Everyone wants to be champions. Victory falls to those who desire it the most, though, in both life and hackathons. A hackathon is an ultimate test of skills and stamina, with little time to solve problems and submit prototypes.

In order to win  hackathons, here is what you can do:

Tip 1: Make a winning plan

Be clear about your reason for participating in the hackathon. To win, be hungry. Plan and train in advance for the hackathon. Set up some models, repositories for GitHub and modules that can help create faster prototypes. Do your analysis, review APIs, and go through applications for samples. Brainstorm with your team if the theme or subject is available in advance. Be prepared to incorporate realistic concepts that can be easily implemented.

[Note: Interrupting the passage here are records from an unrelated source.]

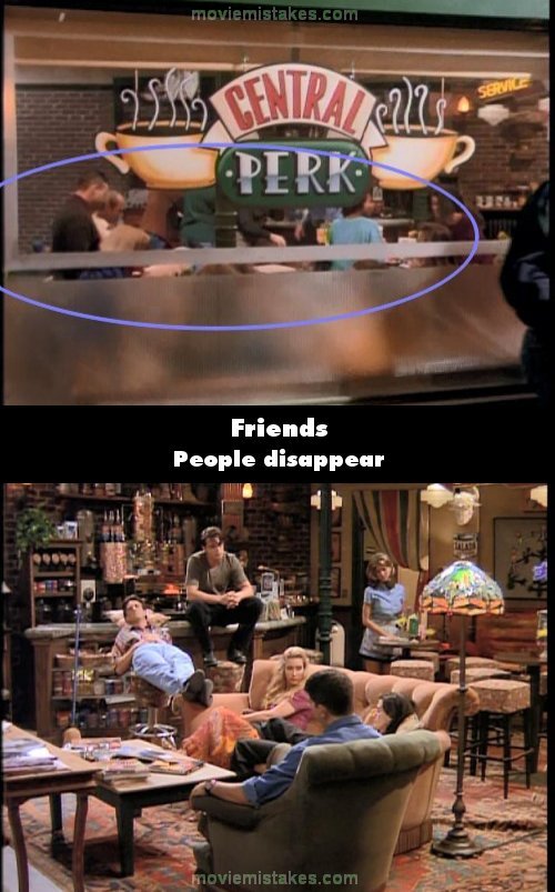 Continuity mistake: Toward the end of the episode, the exterior shot of Central Perk shows about 8-10 people inside the cafe, at the coffee bar, at the tables. But the next interior shot shows the cafe is empty except for our six Friends, lounging in the closed cafe while Rachel cleans up. (00:12:15)
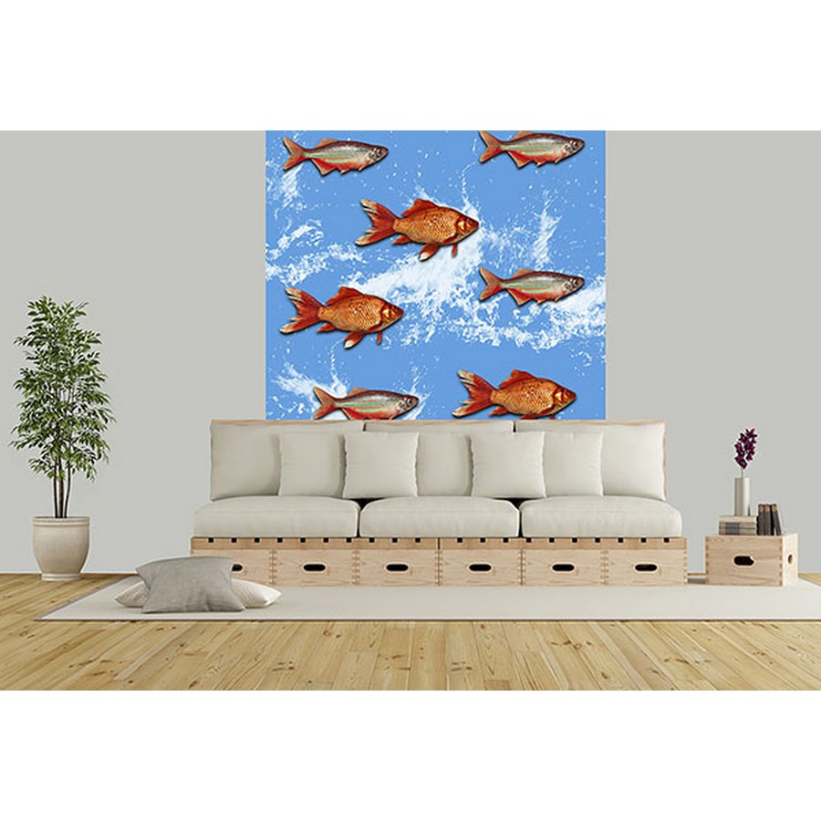 Nautical with a current flair, this mural features photorealistic orange fish atop a blue and white background. Printed on non woven paper and measures 8-ft 3-in high and 6-ft wide when assembled. Gold Fish Wall Mural comes on 2 panels. Paste is included.
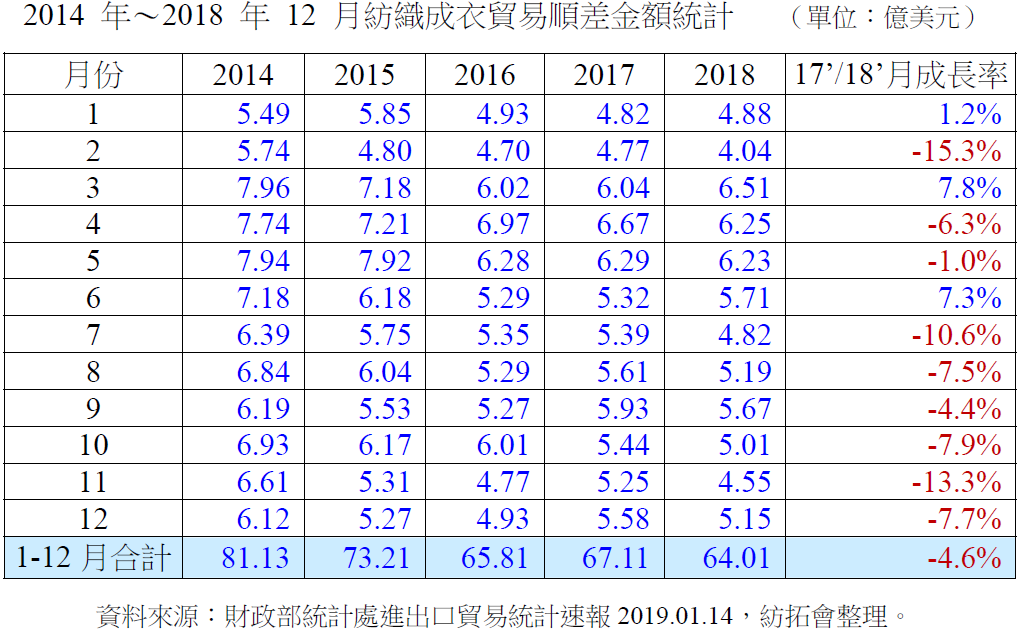 出口:2018年12月台湾纺织成衣出口金额8.32亿美元,较2017年12月8.61亿美元衰退3.4%;2018年1-12月台湾纺织成衣出口金额100.80亿美元,较前一年同期100.78亿美元微幅成长0.02%。

Furthermore, run a mock hackathon a week before the competition. Act as a team together and get to know your teammates well. Know the strengths and limitations of your squad. Find out how to fairly allocate jobs. Work on any particular issues you are facing. Decide on a channel of contact to share files and messages.

Tip 2: Set up a repository on GitHub

To build your product, set up a repository on GitHub. To help the team create new functionality, use the function divisions.

Make sure to follow best practices for Git/Github: https://www.youtube.com/watch?v=dkyHhd9Ot3k

Tip 3: Create a good team

The simple component is preparation. Performance is based on the execution of plans. It takes a team effort to get ideas adopted. It is easier to work under pressure and build something cool, very quickly, when team members have good chemistry.

Team up with colleagues who you have a strong friendship with. If you have mates from previous hackathons, you can even get them aboard. Be ready in advance with your presentation if there is a chance to present your idea and shape your team. With a simple and succinct summary, clarify your idea.

Look for the skills you need to develop the prototype when developing the team. A successful team has individuals from different fields and backgrounds, such as architecture, creation of frontends, creation of backends, business development, etc. Based on their area of expertise, delegate tasks specifically to all. Finally, to complete your squad, pick a good leader. Pick someone who is good at quickly making choices.


Tip 4: Focus on the user and use cases

Any of the proposals for the hackathon are not perfect. You won’t have the time to execute anything you’re doing in a hackathon either. Filter them based on the value they have, after generating ideas. Think like an owner of a product and strive to create a minimum viable product (MVP). Focus on the key statement of the problem: Who is the end-user? What’s your assumption? What problems do you solve for them?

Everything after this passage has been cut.